◆ Provided records:
####################

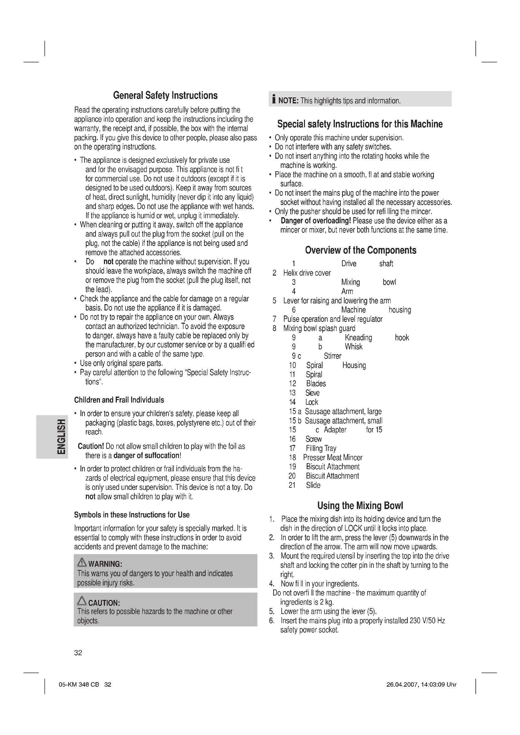 - Danger of overloading! Please use the device either as a mincer or mixer, but never both functions at the same time. Overview of the Components 1 Drive shaft 2 Helix drive cover 3 Mixing bowl 4 Arm 5 Lever for raising and lowering the arm 6 Machine housing 7 Pulse operation and level regulator 8 Mixing bowl splash guard 9 a Kneading hook 9 b Whisk 9 c Stirrer 10 Spiral Housing 11 Spiral 12 Blades 13 Sieve 14 Lock 15 a Sausage attachment, large 15 b Sausage attachment, small 15 c Adapter for 15 16 Screw 17 Filling Tray 18 Presser Meat Mincer 19 Biscuit Attachment 20 Biscuit Attachment 21 Slide Using the Mixing Bowl
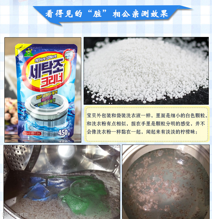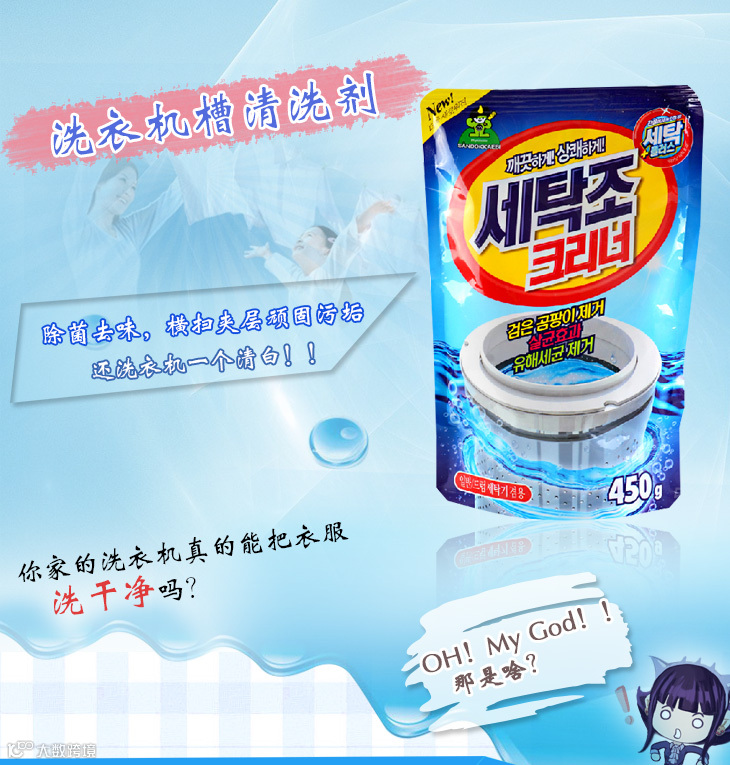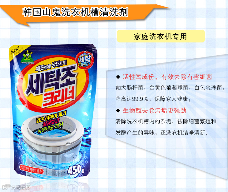 韩国山鬼洗衣机清洁剂,除菌去垢,功效达99.9%,获韩国国家级杀菌效果认证标识!
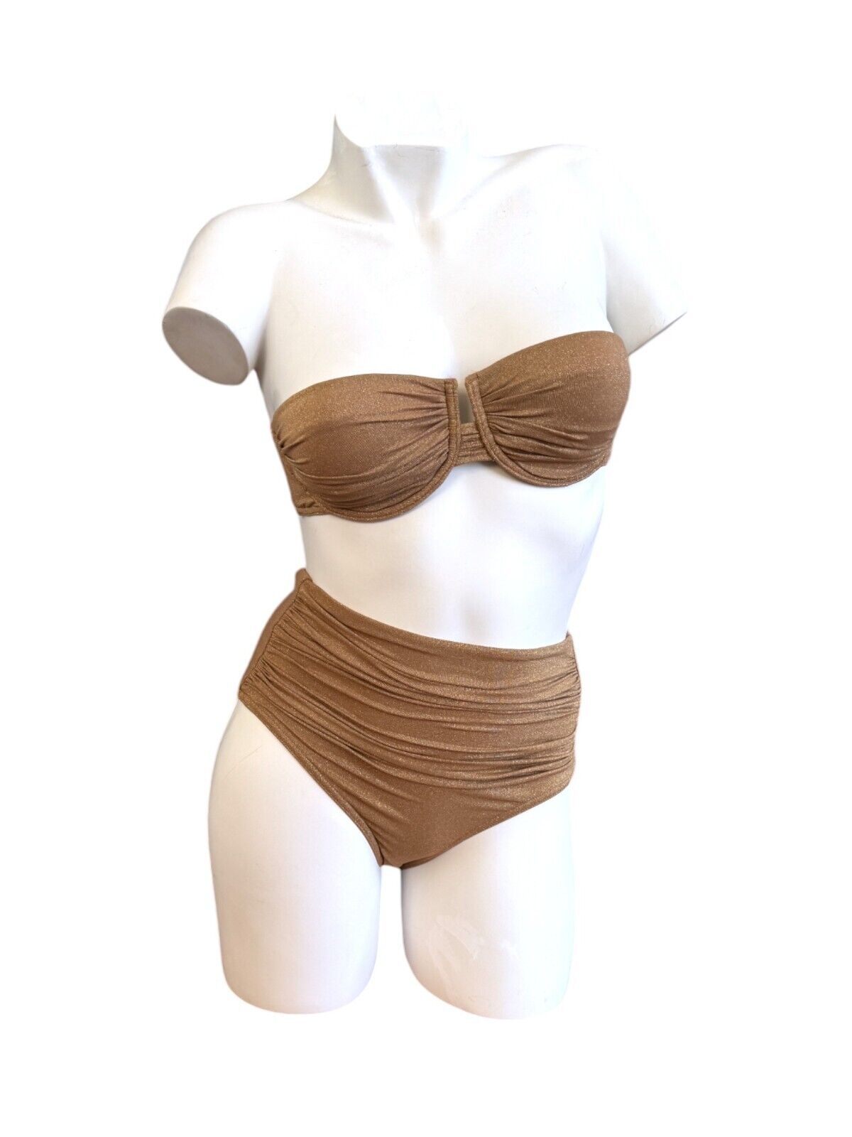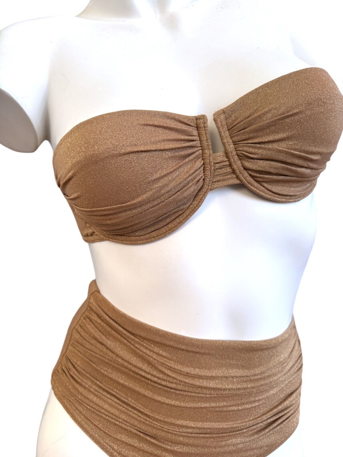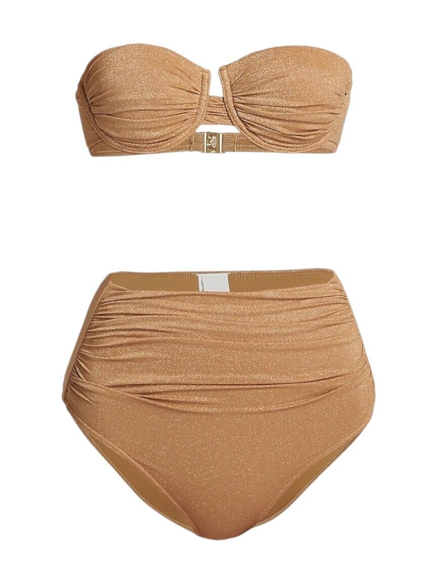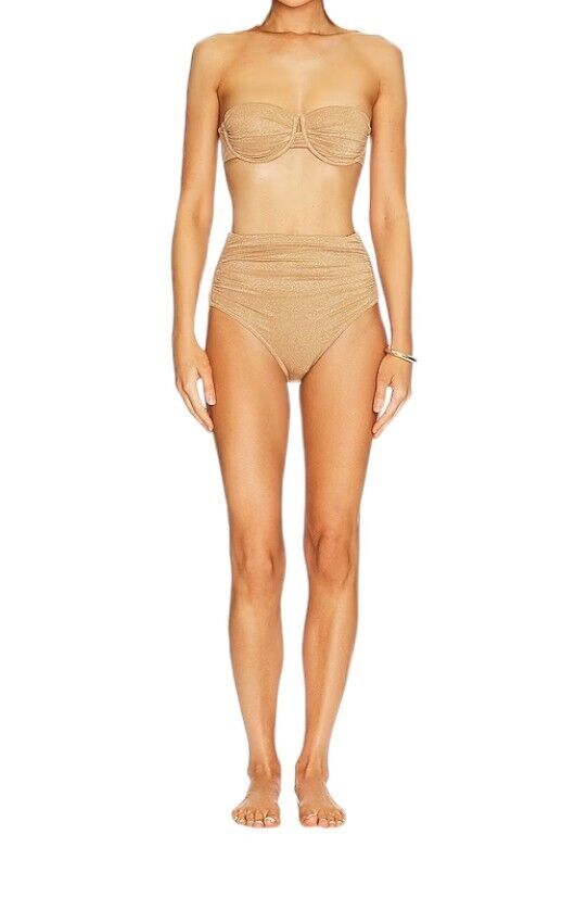 This is a lovely metallic gold bikini from Zimmermann's 2024 collection. It is designed with ruched details and a shimmery effect. The bikini is sold as a set and includes a strapless underwire top and high-rise bottoms.
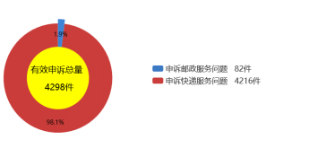 2.受理的申訴中有效申訴(確定企業責任的)為4298件,環比增長3.5%,同比增長112.1%。有效申訴中涉及郵政服務問題的82件,占有效申訴量的1.9%,環比下降11.8%,同比增長32.3%;涉及快遞服務問題的4216件,占有效申訴量的98.1%,環比增長3.8%,同比增長114.7%。
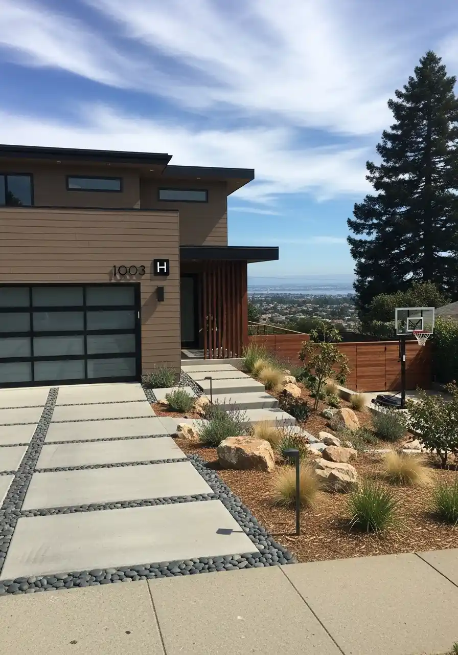 Sleek Walkways and Soft Greens for a Modern Look
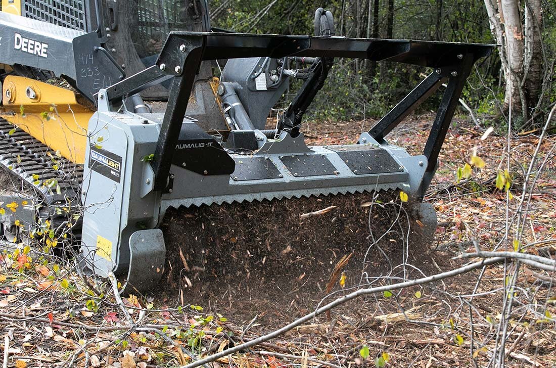 See our brush cutting size chart to see what limb size this heavy duty skidsteer mounted forestry mulcher can handle.
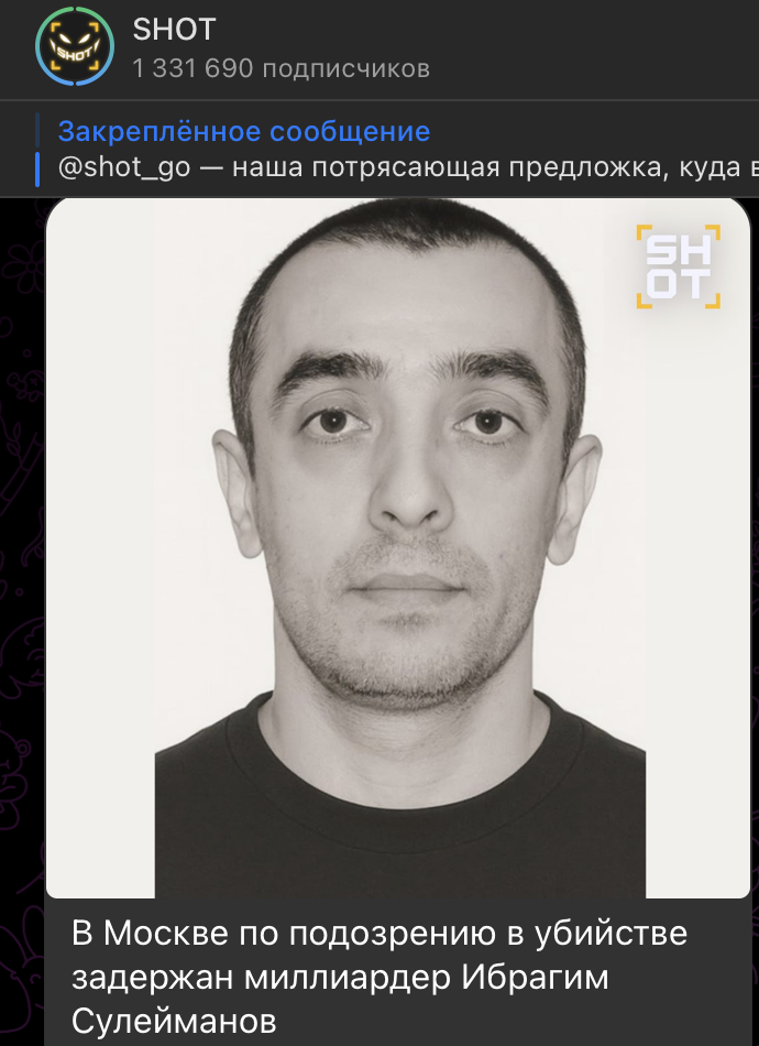 Как сообщают источники Телеграм-канала Shot, следствие подозревает Сулейманова в причастности к убийству Геннадия Борисова - главы авиакомпании "Внуковские авиалинии". Тело Борисова в 2004 году обнаружили в подъезде жилого дома с многочисленными ножевыми ранениями.
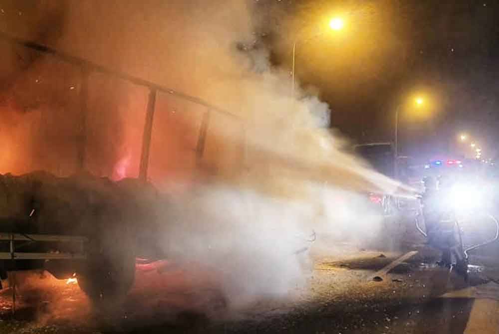 Treler pula terbakar bahagian belakang, tetapi pemandunya selamat tanpa kecederaan. Mangsa cedera dihantar ke hospital dengan jentera EMRS bagi rawatan, manakala mayat diserahkan kepada pihak polis untuk tindakan susulan..
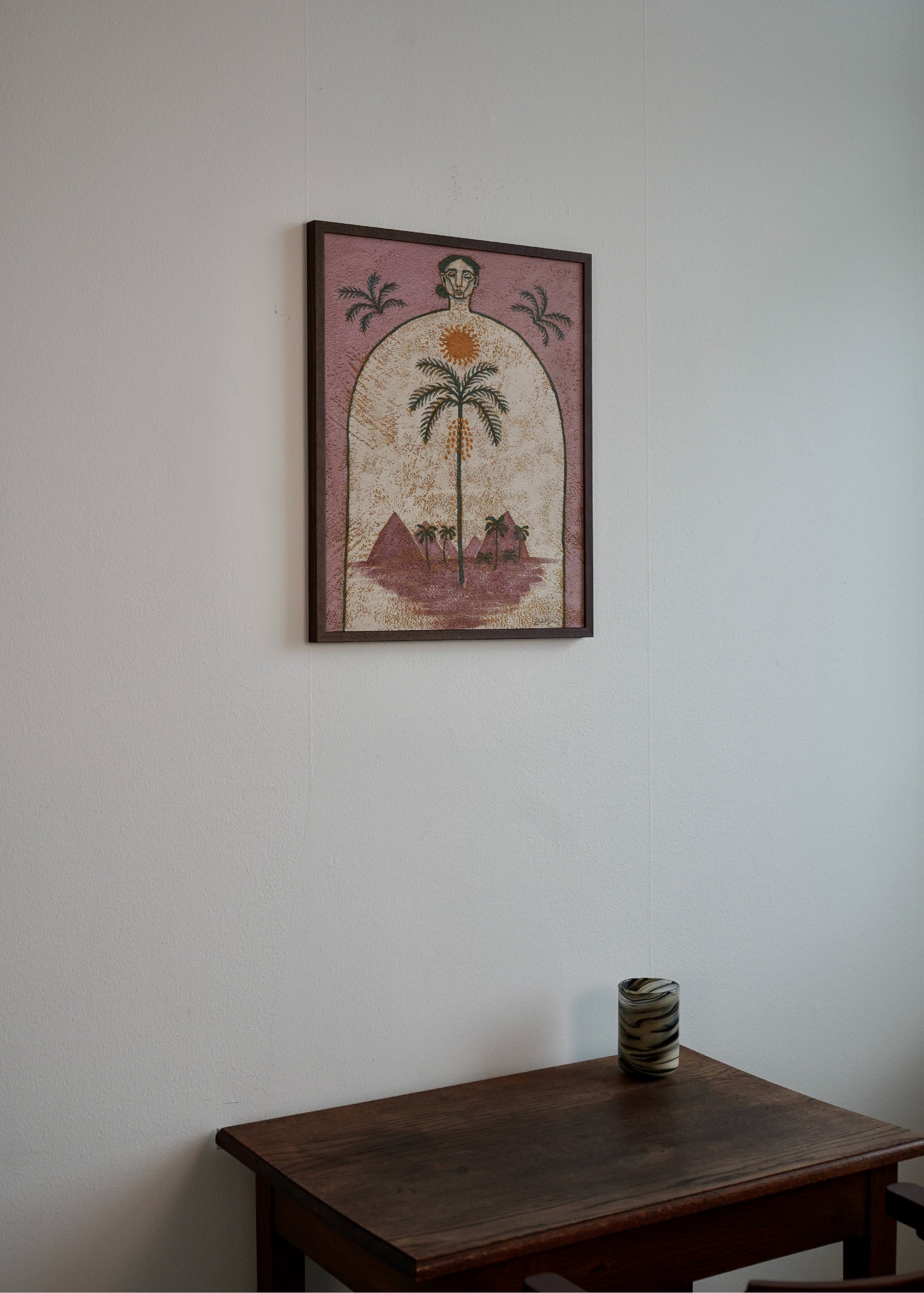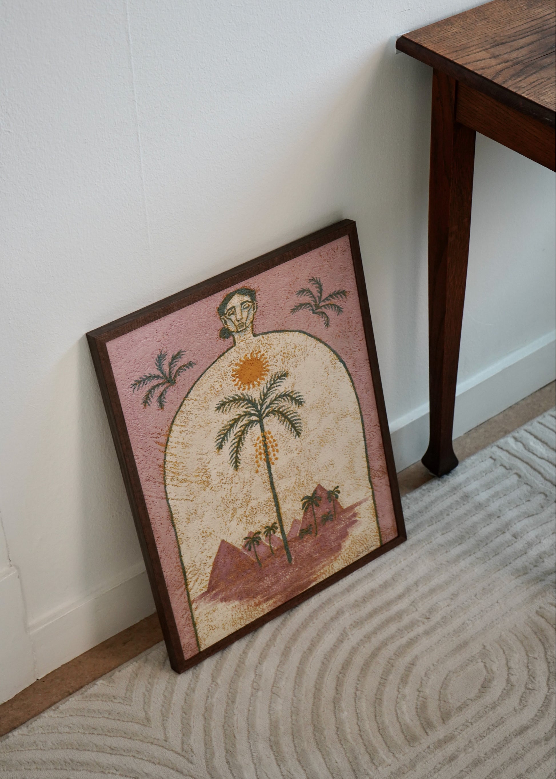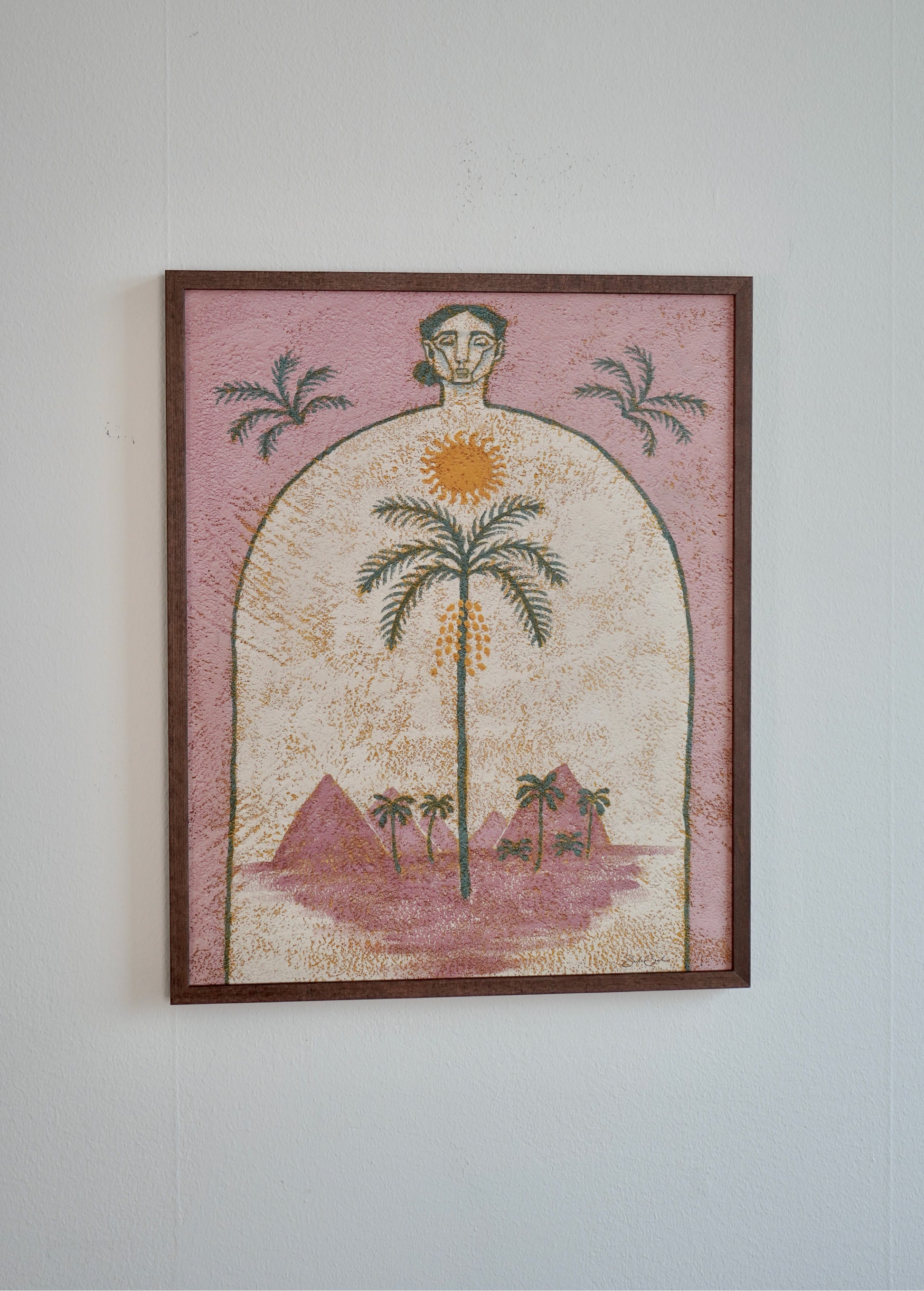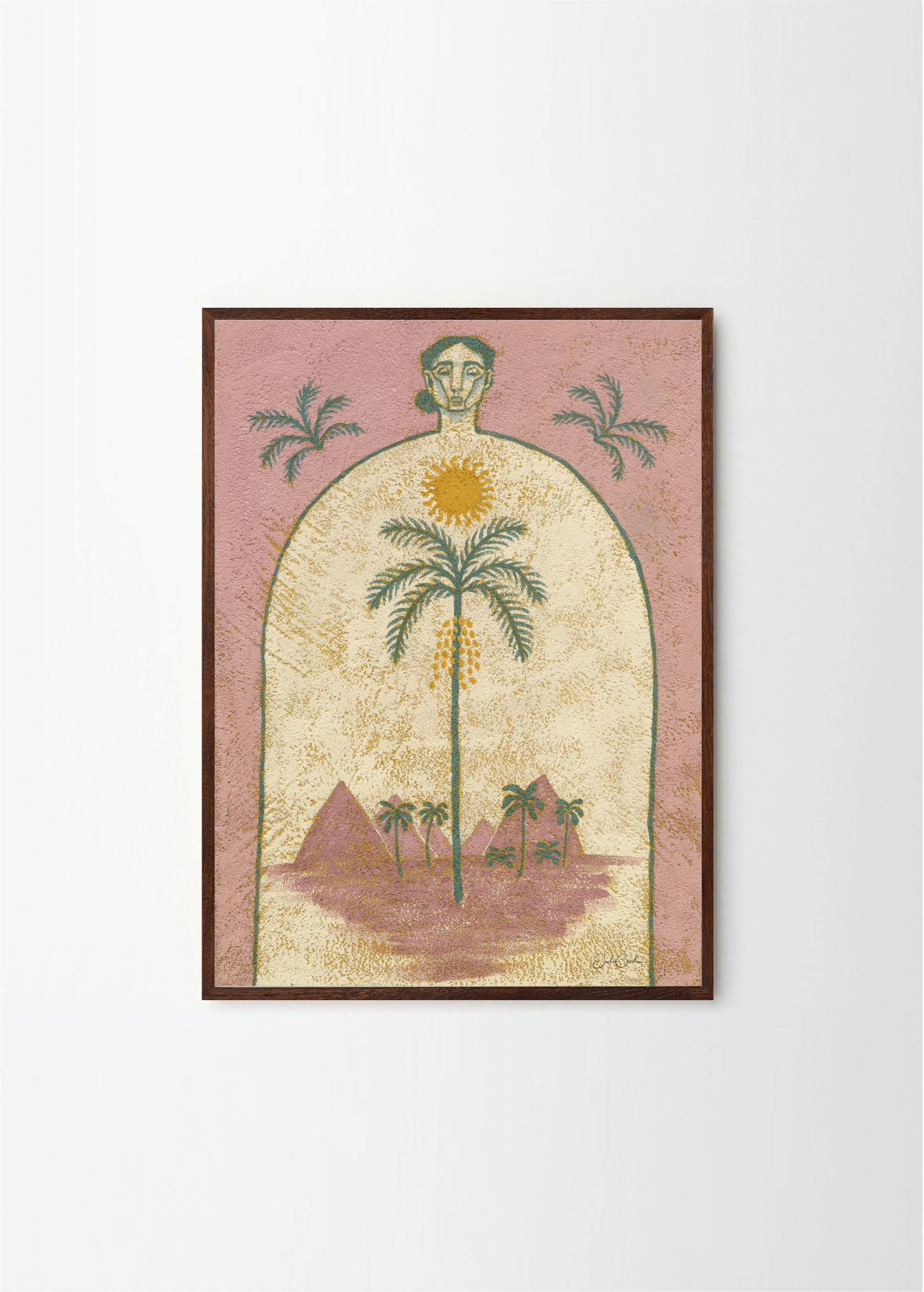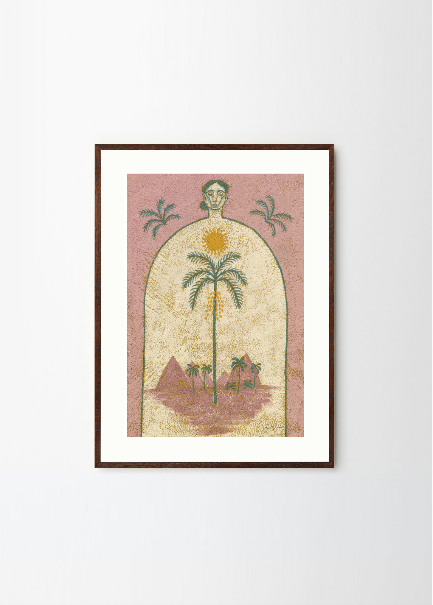 Mother of Dates blends mythology and landscape into a surreal visual poem. A tall date palm rises from a female figure, enclosing pyramids and desert flora within her form. With hues of soft rose, sand, and green, Julie Celina evokes themes of fertility, memory, and the sacred power of nature.

####################

The reply should hold only the lines running from the top of the records to the line containing "Treler pula terbakar", both included, copied exactly with no pictures.

◆ Solved problem:
 - Danger of overloading! Please use the device either as a mincer or mixer, but never both functions at the same time. Overview of the Components 1 Drive shaft 2 Helix drive cover 3 Mixing bowl 4 Arm 5 Lever for raising and lowering the arm 6 Machine housing 7 Pulse operation and level regulator 8 Mixing bowl splash guard 9 a Kneading hook 9 b Whisk 9 c Stirrer 10 Spiral Housing 11 Spiral 12 Blades 13 Sieve 14 Lock 15 a Sausage attachment, large 15 b Sausage attachment, small 15 c Adapter for 15 16 Screw 17 Filling Tray 18 Presser Meat Mincer 19 Biscuit Attachment 20 Biscuit Attachment 21 Slide Using the Mixing Bowl
 韩国山鬼洗衣机清洁剂,除菌去垢,功效达99.9%,获韩国国家级杀菌效果认证标识!
 This is a lovely metallic gold bikini from Zimmermann's 2024 collection. It is designed with ruched details and a shimmery effect. The bikini is sold as a set and includes a strapless underwire top and high-rise bottoms.
 2.受理的申訴中有效申訴(確定企業責任的)為4298件,環比增長3.5%,同比增長112.1%。有效申訴中涉及郵政服務問題的82件,占有效申訴量的1.9%,環比下降11.8%,同比增長32.3%;涉及快遞服務問題的4216件,占有效申訴量的98.1%,環比增長3.8%,同比增長114.7%。
 Sleek Walkways and Soft Greens for a Modern Look
 See our brush cutting size chart to see what limb size this heavy duty skidsteer mounted forestry mulcher can handle.
 Как сообщают источники Телеграм-канала Shot, следствие подозревает Сулейманова в причастности к убийству Геннадия Борисова - главы авиакомпании "Внуковские авиалинии". Тело Борисова в 2004 году обнаружили в подъезде жилого дома с многочисленными ножевыми ранениями.
 Treler pula terbakar bahagian belakang, tetapi pemandunya selamat tanpa kecederaan. Mangsa cedera dihantar ke hospital dengan jentera EMRS bagi rawatan, manakala mayat diserahkan kepada pihak polis untuk tindakan susulan..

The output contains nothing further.